Jillian C. York writes a short thread on looking presentable for video calls.
Some pro-tips, from an actual pro (not the @nytimes), on how to quickly look presentable when presented with a surprise video call:
— i’m just a girl living in captivity (@jilliancyork) March 27, 2020
This reminded me of a passage in Infinite Jest where David Foster Wallace describes the phenomenon of Video-Physiognomic Dysphoria, the anxiety at having to present yourself on a video call.
But the real coffin-nail for videophony involved the way callers’ faces looked on their TP screen, during calls. Not their callers’ faces, but their own, when they saw them on video. It was a three-button affair, after all, to use the TP’s cartridge-card’s Video-Record option to record both pulses in a two-way visual call and play the call back and see how your face had actually looked to the other person during the call. This sort of appearance- check was no more resistible than a mirror. But the experience proved almost universally horrifying.
In his dystopia, an industry catering to people’s vanities rises in response, allowing people to present stylised versions of themselves through masks and dioramas. Eventually, everyone realises that audio-only phone calls are just better.
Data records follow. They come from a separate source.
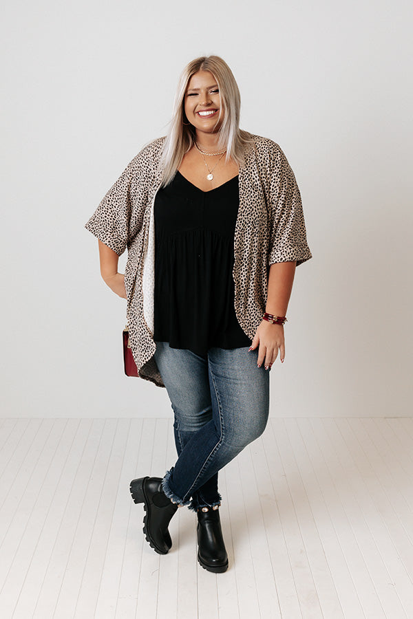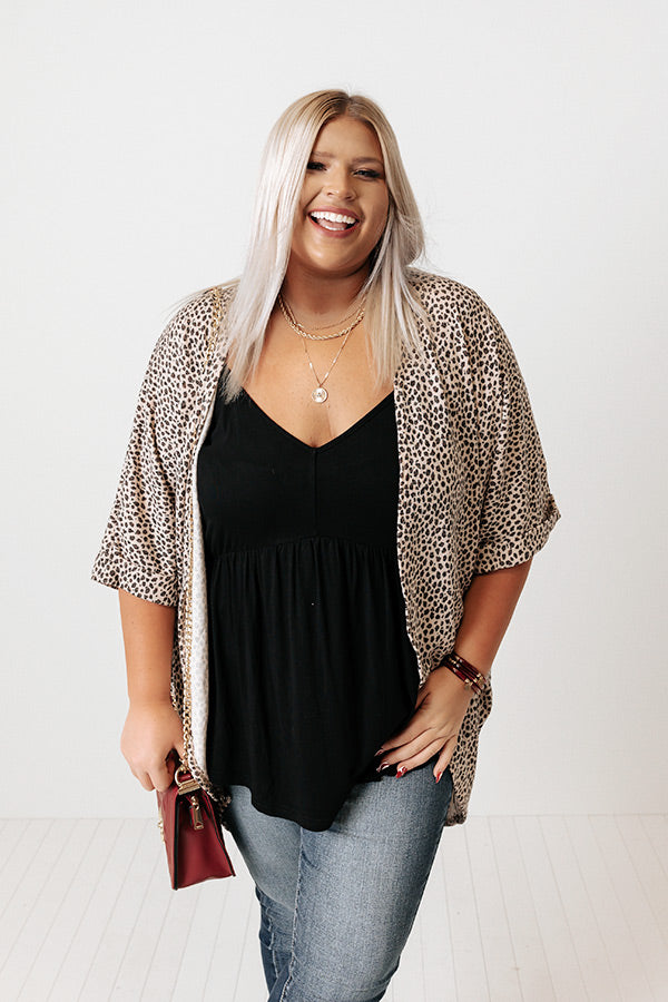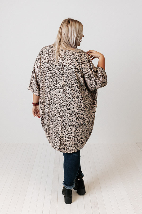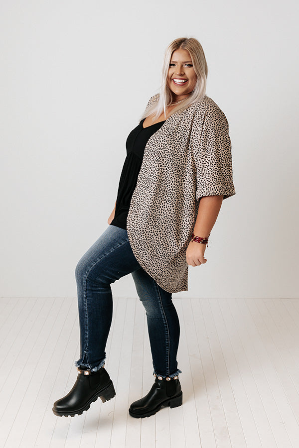 Strike a pose in our adorable plus size 'Mindful Matter' cardigan featuring lightweight material patterned with a small black and brown leopard print, loose half sleeves, and a draped open-front silhouette that falls into a rounded mid-thigh length back hemline!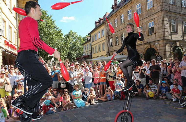 Weil sie schon viel Positives von "Bamberg zaubert" gehört hatten und das Wochenende noch nicht verplant war, hätten sie gerne zugesagt. Zudem, so betonte das Jongleur-Duo, das unter dem Namen "Double Take" auftritt, biete sich bei einem derartigen Festival die einmalige Möglichkeit, neue Nummern vor Publikum zu perfektionieren.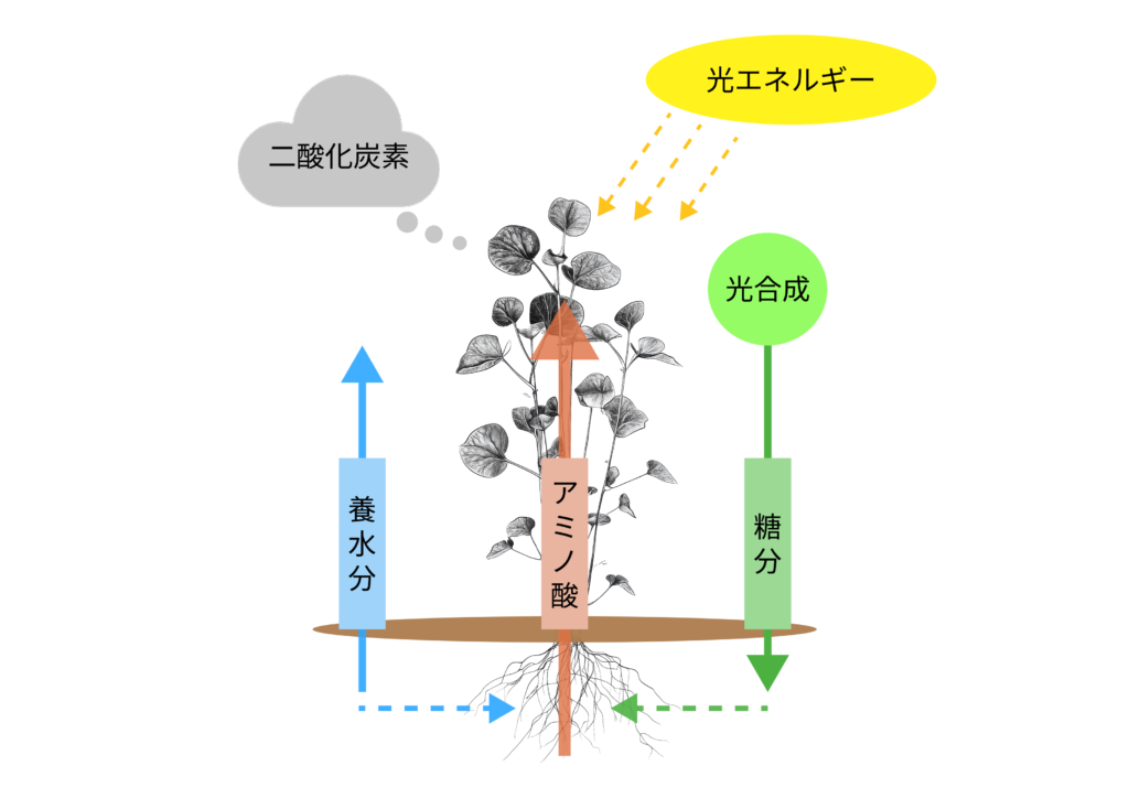 図のように、光合成は単なるエネルギー生産ではなく、根からの養水分輸送や炭素固定と密接に連動し、植物全体の成長を支える土台となっています。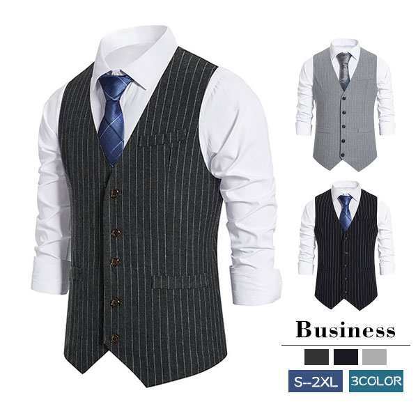 スーツベスト メンズ ベスト テーラードベスト ジレベスト ストライプ スリム 紳士服 前開き トップス Vネック ビ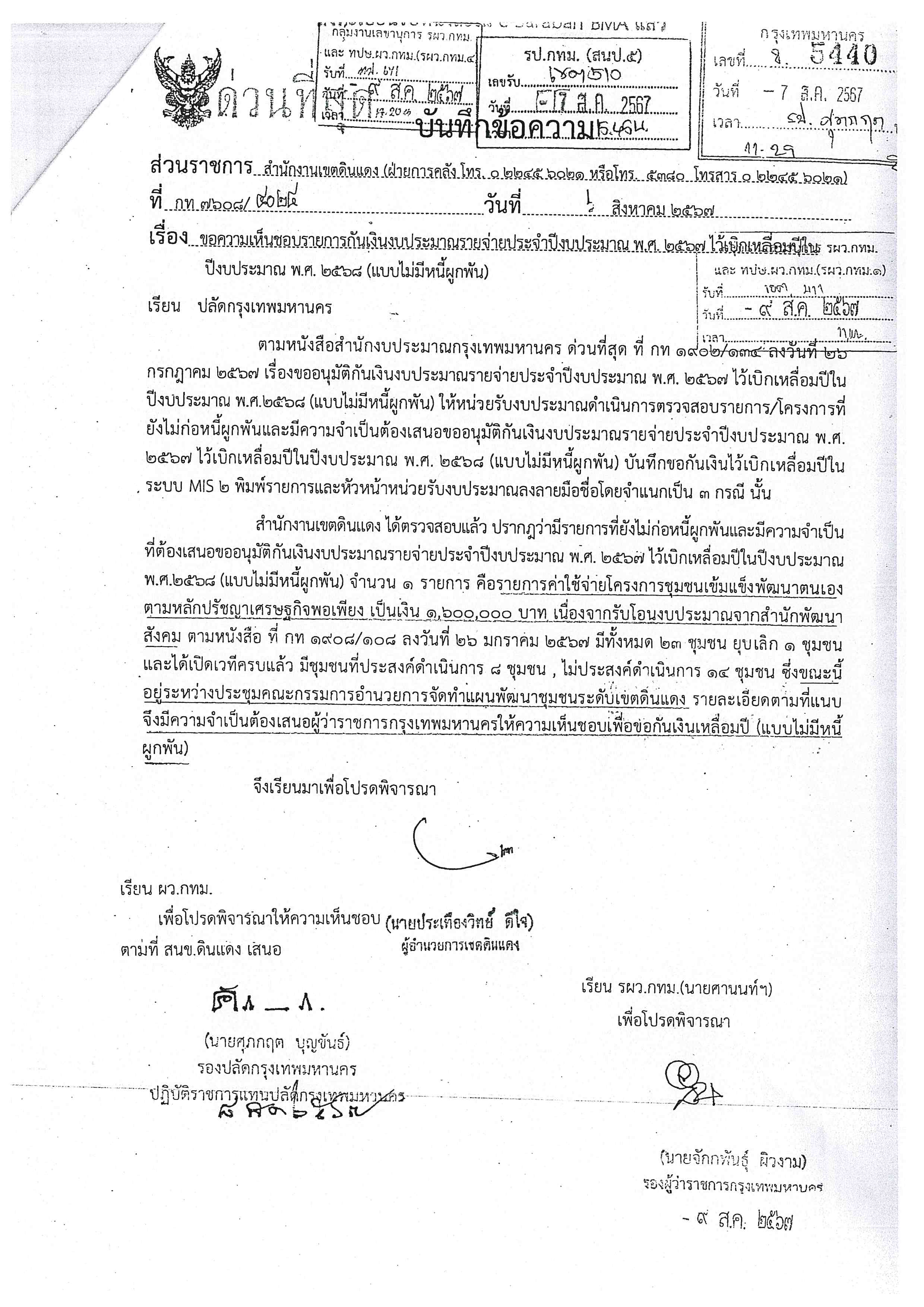 และได้ขอกันเงินงบประมาณไว้เบิกจ่ายเหลื่อมปีในปีงบประมาณ พ.ศ. 2568 (แบบไม่มีหนี้ผูกพัน) ตามหนังสือสำนักงานเขตดินแดง ด่วนที่สุด ที่ กท 7608/4024 ลว 6 ส.ค. 2567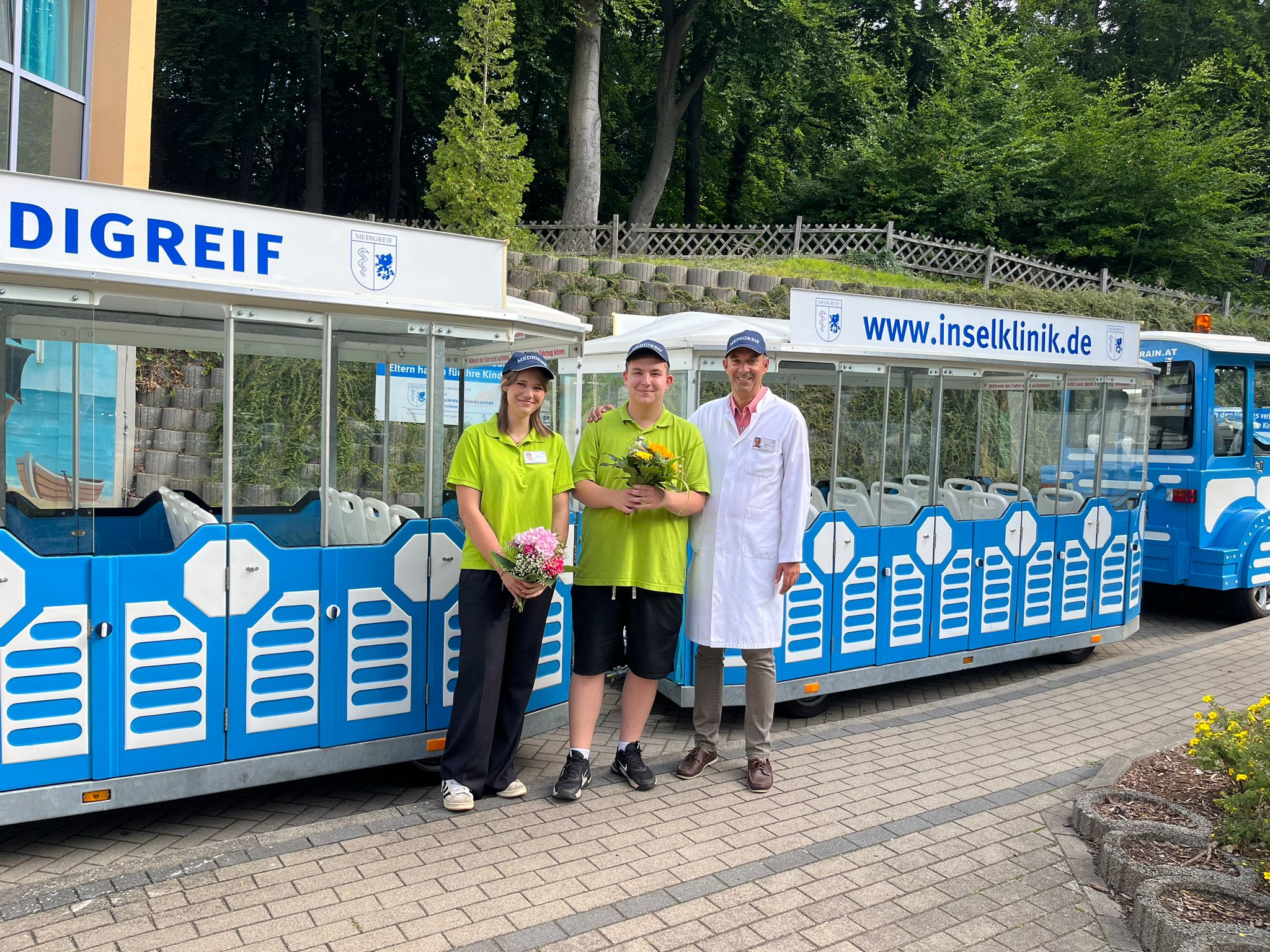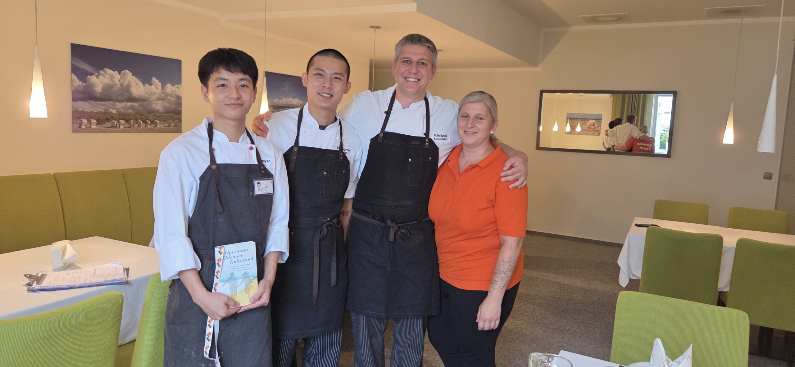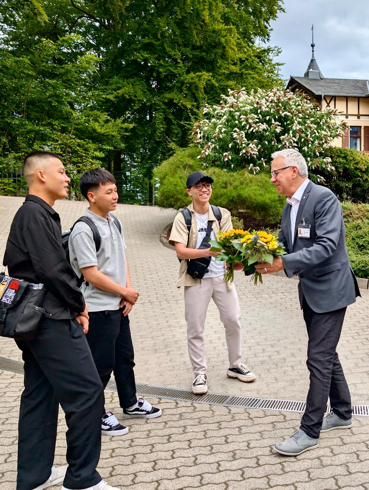 Am 6. August 2025 wurden am Standort Heringsdorf in den Inselkliniken vier Azubis herzlich willkommen geheißen, zwei Auszubildende aus Vietnam (Fachkraft Küche bzw. Koch) und zwei Auszubildende aus Deutschland (staatlich anerkannte Erzieher). Und auch an der Parkklinik in Greifswald wurde erstmals ein Azubi aus Vietnam (Fachkraft Küche bzw. Koch) begrüßt. Die Vermittlung der drei Vietnamesen wurde durch den unternehmenseigenen Personaldienstleister GerViet realisiert. Nach einer langen und anstrengenden Reise – teilweise über 23 Stunden – waren die drei jungen Männer glücklich, endlich angekommen zu sein. Nach der Abholung am Flughafen BER in Berlin-Schönefeld durch Ulf Mauderer, Geschäftsführer der MEDIGREIF GerViet GmbH, wurden alle durch Vorstand Dr. Stefan Rudolph und Vertreterinnen der Inselkliniken persönlich, herzlich begrüßt. Prof. Dr. Schiel, Ärztlicher Direktor am Inselklinikum, begrüßte, die beiden Azubis aus Deutschland am „Haus Gothensee“.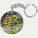 An acrylic keychain, with a double-sided, mirrored sunflower photo. The photo was taken from the side of the road near Pine Valley, California.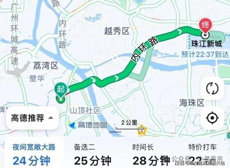 自驾去珠江新城:出来小区,上花蕾路转洲头咀隧道转内环,全程13公里,耗时24分钟。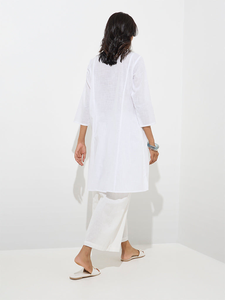 This white kurta from Utsa is a timeless addition to your everyday ethnic wardrobe. Made from pure cotton in an A-Line frame. it features mirror embroidery along the yoke that adds just the right touch of detail. Designed with a split neckline. three-quarter sleeves. and slip pockets. it pairs elegance with effortless ease.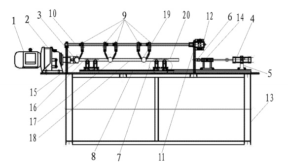 1、電機;2、減速機;3、夾持機構;4、動力推桿;5、第一支撐架;6、定位器;7、托具;8、滑軌;9、焊槍;10、橫桿;11、支柱;12、十字滑臺;13、床身;14、第二支撐架;15、第一空心球;16、第一連接桿;17、第二空心球;18、第二連接桿;19、第三空心球;20、第三連接桿;21、滾輪或滾軸;22、托具底座;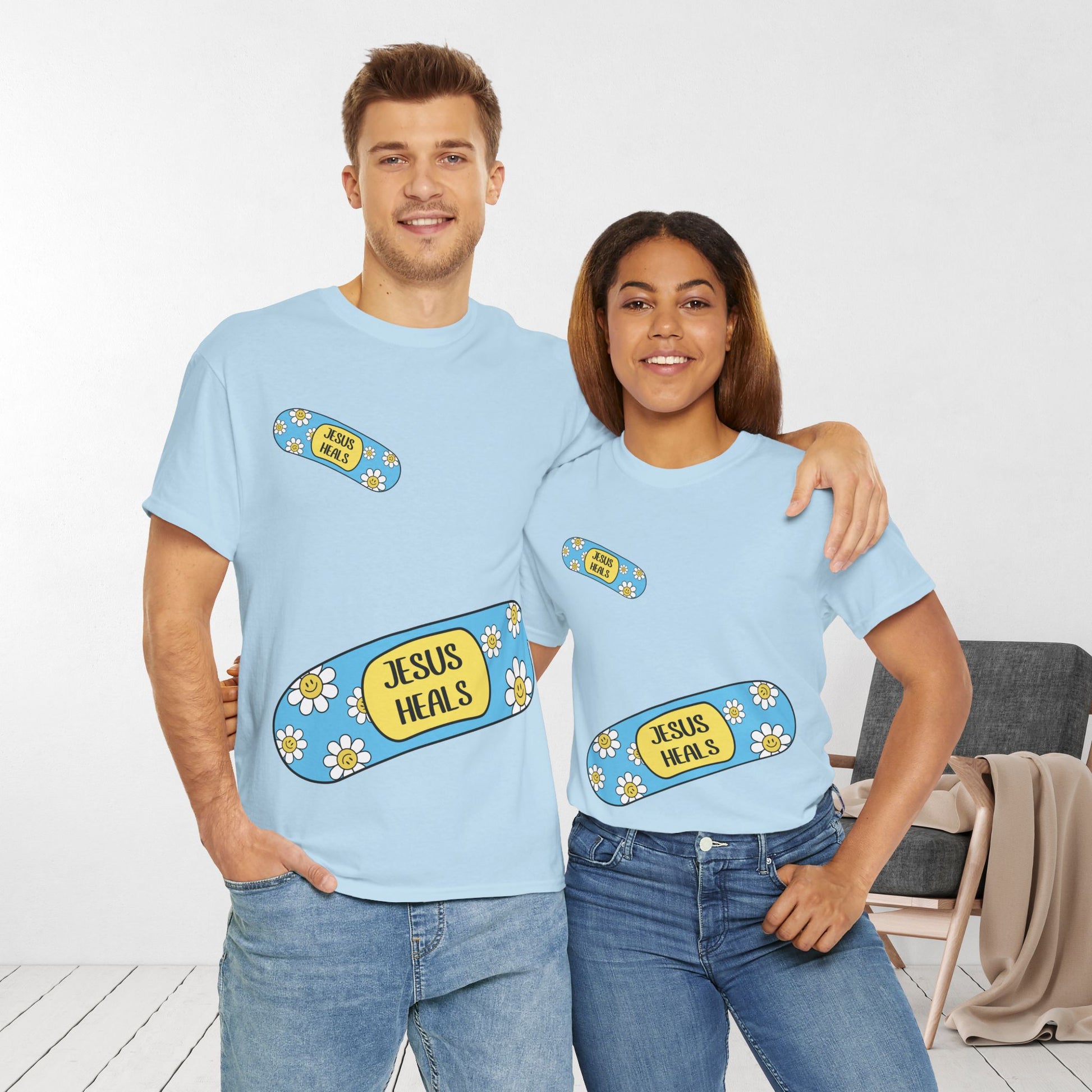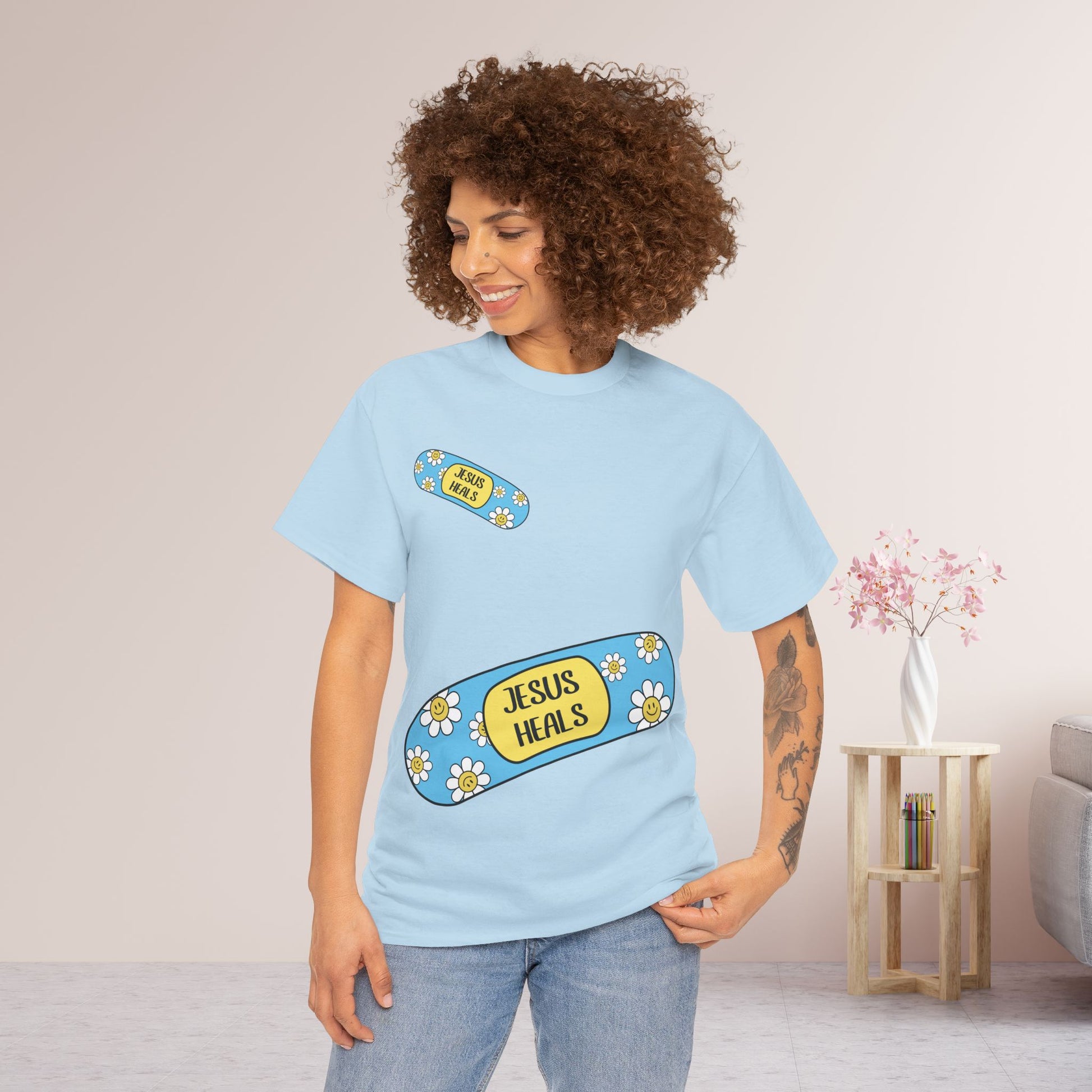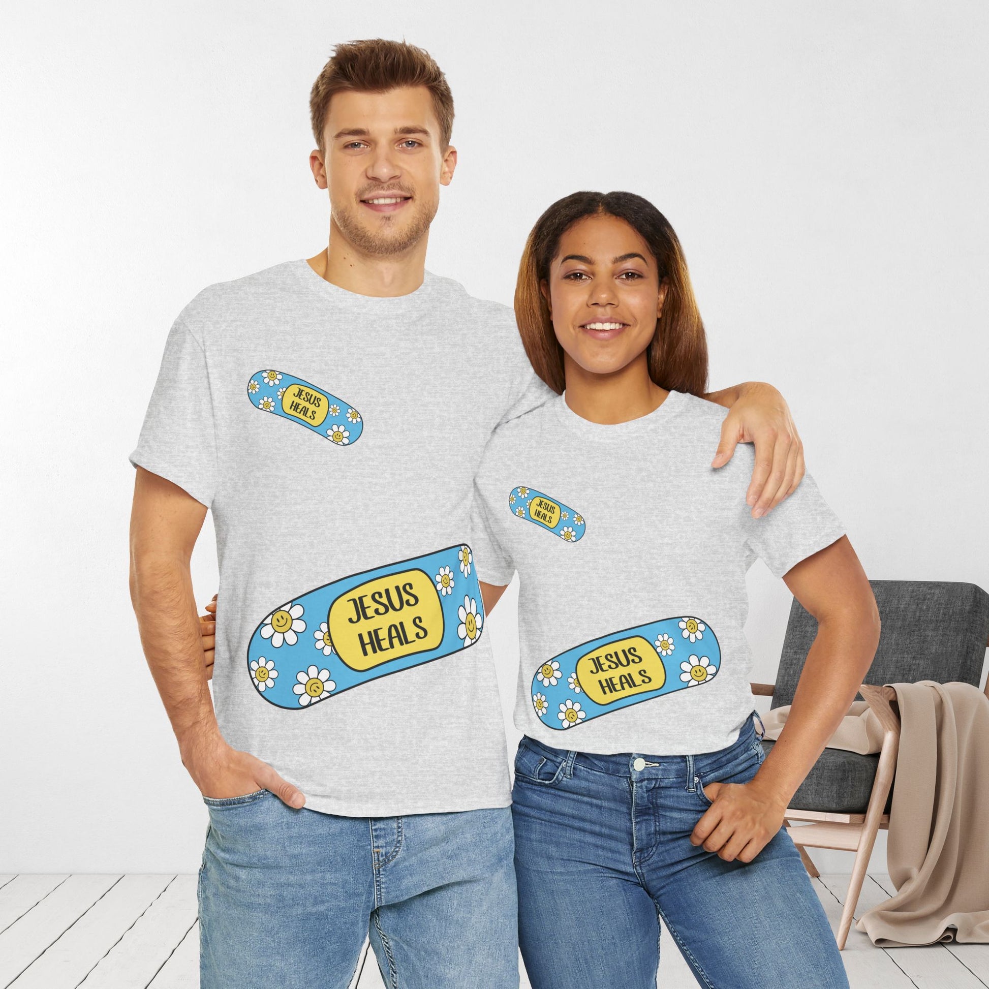 Featuring two bandage graphics on the front, each bandage carries the powerful message: “Jesus Heals.” This unique and creative design serves as a reminder that true healing comes from Jesus alone.

The full sequence, in its glorious Wallace verbosity, is here.
Infnite Jest was published in 1996. Until recently I thought that this technological prediction was pretty much spot-on. Video calls have been around for years, but few people prioritise them over telephone conversations… for precisely the social awkwardness Wallace describes.
In fact, in recent years, I would say that the trend has been in the opposite direction. Its not ‘Skyping’ (as the verb used to be called) that is causing the demise of the phone call, but text messaging. Many people report an aversion to telephone calls when an asyncronous email or text message can usually get the job done.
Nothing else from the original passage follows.